I had already been wearing hijab and burkha from class 8, but it was a once a week affair, to go to Islamic class, and I would hide my face from my friends whenever I wore it, out of shame. I was ashamed of my hijab. I felt it was a burden on me. I was scared of being prejudiced. I was a very pretty girl and I felt that the hijab hid my beauty from the world. I was proud of my beauty, too caught up in the world to care about Islam and the Hereafter.
I had sort of grudgingly accepted the fact that I would have to wear hijab in high school, but I wasn’t ready for it. I thought that if I was given a pretty face and a perfect body, I had to showcase it to the world. I was very shallow-minded. Add to the fact that I was in a so-called ‘hi-fi’ school and my classmates, even my Muslim classmates preferred the world and the baggage that came with it.

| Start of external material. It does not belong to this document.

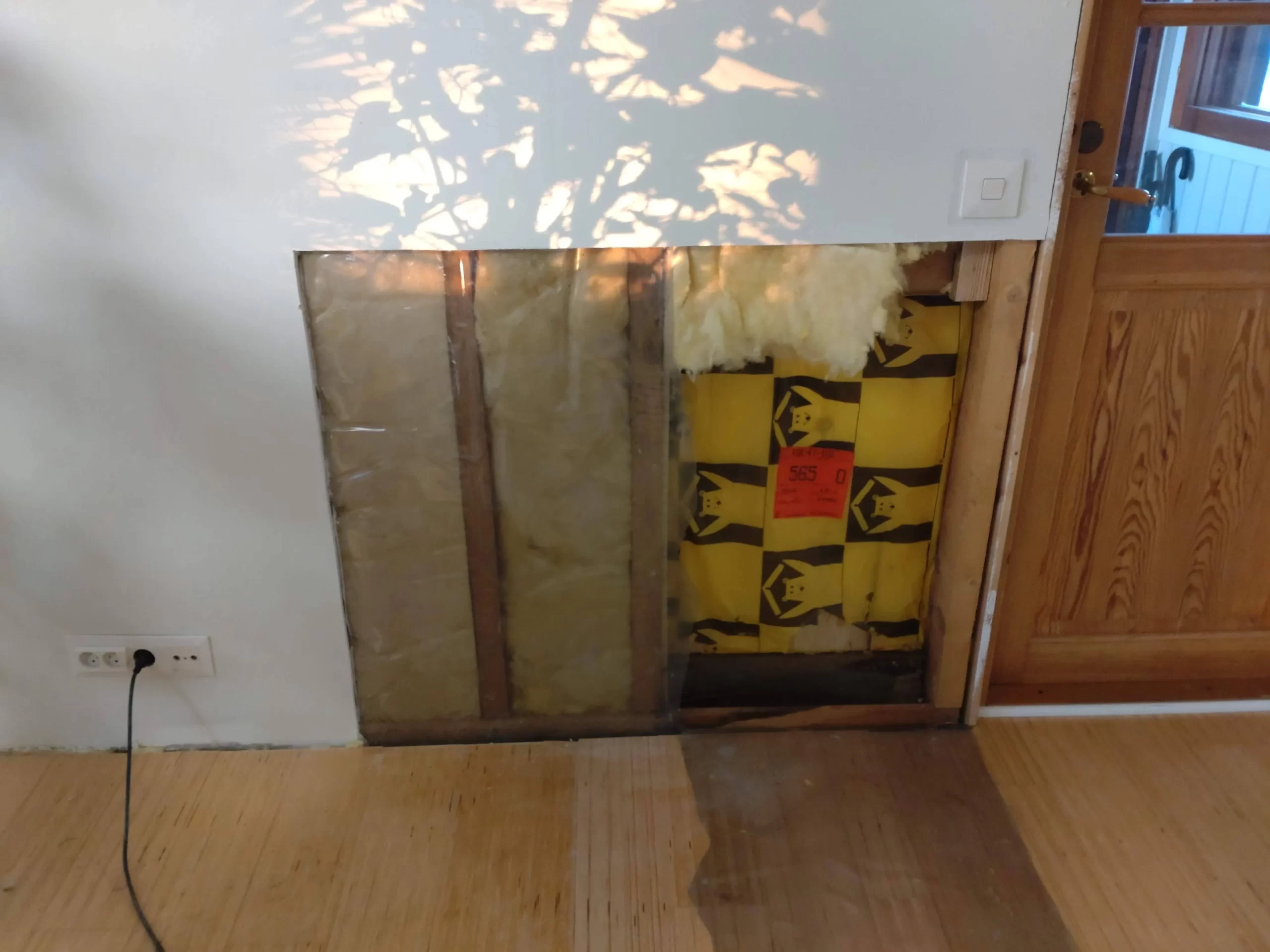 Nimittäin kuollut hiiri seinän sisässä. Näin voi käydä kun laittaa seinän ulkovuorauksen alapintaan jyrsijäverkon jottei hiiret kiipeäisi vintille. Eräs hyväkäs jäi loukkuun seinän sisälle ja näinhän siinä sitten kävi… Löyhkä oli sen mukainen.

Even among my peer group, everyone was busy discussing about boys and relationships. At the age of 12, everyone was worried about relationships! I was brainwashed into thinking that the world is all that is there. I started posting flattering photos of myself on Facebook, started chatting with boys, hung out with the wrong crowd and was slowly falling off the cliff into Haram. Allah gave me a lot of blessings, but I still didn’t pay heed. In May 2014, we went for Umrah, and instead of worshipping and remembering Allah, I was looking for excuses to go on Facebook and see what the world was doing.
I wasted the chance of Umrah I had been given, something which people long for. I also made 2015 my worst year. I fought and screamed at my mother, was dangerously hovering at the brink of forbidden, Ramadan was spent on Facebook and Instagram. So much so that I was actually hating myself. How did I turn into this monster I was? What happened to the sweet and innocent Anam? I had killed her by my own hands. My grandfather’s demise made me start thinking about death and the Hereafter.
Then on Facebook, I chanced upon the page ‘Muslim Halal Pickup Lines’ which taught me that it is okay to be a Muslim, it is not an embarrassment, not a burden, it is actually a beautiful gift given to me, not many people are endowed with this gift. I started changing myself, dumped my so-called friends, deleted my social media accounts, and started compensating for all the wrong I had done, the garbage I was sinking in. It wasn’t easy, I was too proud; I wasn’t prepared to give up my music. The same Facebook, which I used to showcase my beauty on, led me back to Islam. Now I am ashamed of what I was before.
I’ve learnt that your friends matter, your company matters. I know it sounds clichéd, but you must choose your friends wisely. Because of my rotten apple friends, my good apple self was decaying and becoming rotten. I have read somewhere: ‘In this world of Kardashians be a Khadija’.
I’ve learnt to accept Islam and Hijab as part of my life, looking beyond what people thought about me, what they judged me as, how much I fell or rose in their eyes. I’ve learnt not to be scared about that. I’ve met many girls who say they wish to wear a Hijab, but are scared to be judged by society. Society has become a scapegoat for everyone to lay their blames and fears on.
I’ve learnt that people will judge, whether I’m wearing a hijab or a mini-skirt. It is very hard to please people, but it is very easy to please Allah. So focus on pleasing Him, and everything else will fall into place. I’ve learnt that it is never too late to come back to Islam. I had given up all hope, and Allah still guided me. I am thankful for that.
Someone once told me Allah only guides those who chose to be guided; you cannot force guidance down somebody’s throat. But, I am not perfect, I still slip sometimes, and then get back up, because I know Allah is with me, always.